If you’re like me, you absolutely abhor “review” time. I’m not saying review of key material isn’t important, but trying to differentiate instructions to meet the needs of individual learners in large classes, while also differentiating across a fairly wide range of proficiencies can be a challenge. Sure, doing it for a single class isn’t too bad, but accomplishing it over several days and several units of material is not only difficult, it’s also downright dull.
Of course, we try to mix things up to keep our review sessions as fresh as possible… we’ll work individually some days, in groups in others, attempt various types of problems, use computers, use clickers, use whiteboards, all with varying degrees of success. Yesterday I thought I’d try something a bit different though… nothing drastic by any stretch, just several small tweaks that put together made for the highest level of engagement I’d seen for a review activity.
To begin with, I rearranged the room and all the student desks and lab tables to make a total of six massive tables, with chairs and stools around each. One of the table was designated “belongings,” and students were asked to place all of their bags, books, etc. on the belongings table at the beginning of class, keeping only a pencil or pen with them.

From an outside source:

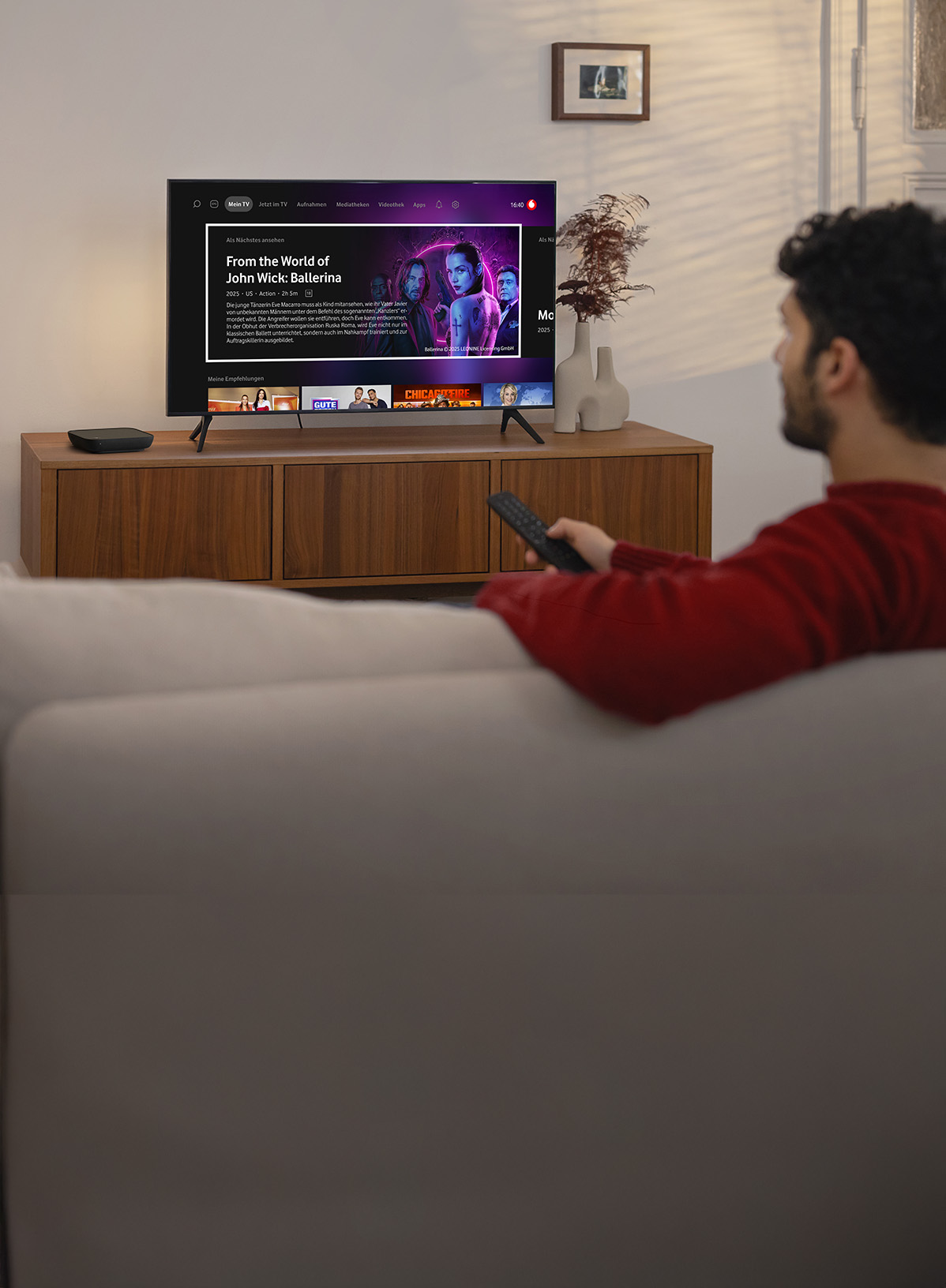 GigaTV ist unser TV-Tarif. Du kannst mit GigaTV übers Internet fernsehen oder über Deinen Kabelanschluss. Je nachdem, was besser zu Deinem Anschluss passt. GigaTV ist Deine Plattform für klassisches Fernsehen. Du bekommst aber auch Zugriff auf Mediatheken und Video-on-Demand. Und Du kannst Dir Entertainment-Apps runterladen und über Deine GigaTV-Box streamen. Auf Wunsch buchst Du Optionen wie Vodafone Premium oder Netflix dazu.
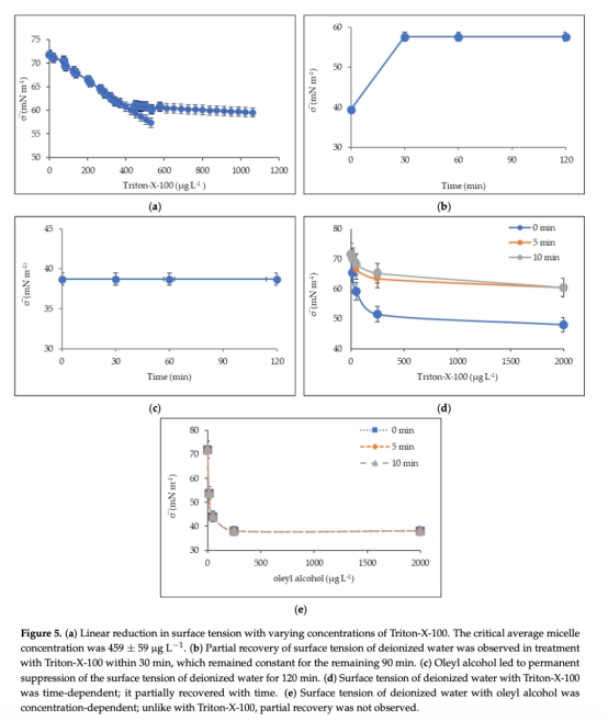 4. 人工表面活性劑實驗:添加Triton-X-100和油醇(濃度13–2000μg L?1),評估其對DBL和表面張力的動態影響(圖3,5)。

At each of the remaining tables I placed a formula sheet, a few calculators, and a problem set of about 15 problems. Each of the five tables had a problem set from a different unit (Kinematics, Dynamics, UCM & Gravity, Impulse and Momentum, and Work/Energy/Power). I also placed an answer key at each table.
Once everyone had huddled up, I provided each student with a blank sheet of paper and asked them to rank the topics we’d covered so far this year from strongest to weakest (we’ve been working on building meta-cognition skills sporadically throughout the year). Once that was completed, detailed instructions were given. Students were to travel to each “station” and complete five problems on the blank sheets of paper, showing all work as demonstrated in class, and checking their answers using the solution sheets as they went. Once five problems were successfully completed, they could come to the front of the room, grab an M&M reward, and move on to the next topic.
Students in need of help had two options… they could ask their cohorts at the same station, or come to the “help desk” (aka teacher), who would provide help, but only by asking more questions. Out of 100 students, only two came to the help desk all day. Instead, they taught each other.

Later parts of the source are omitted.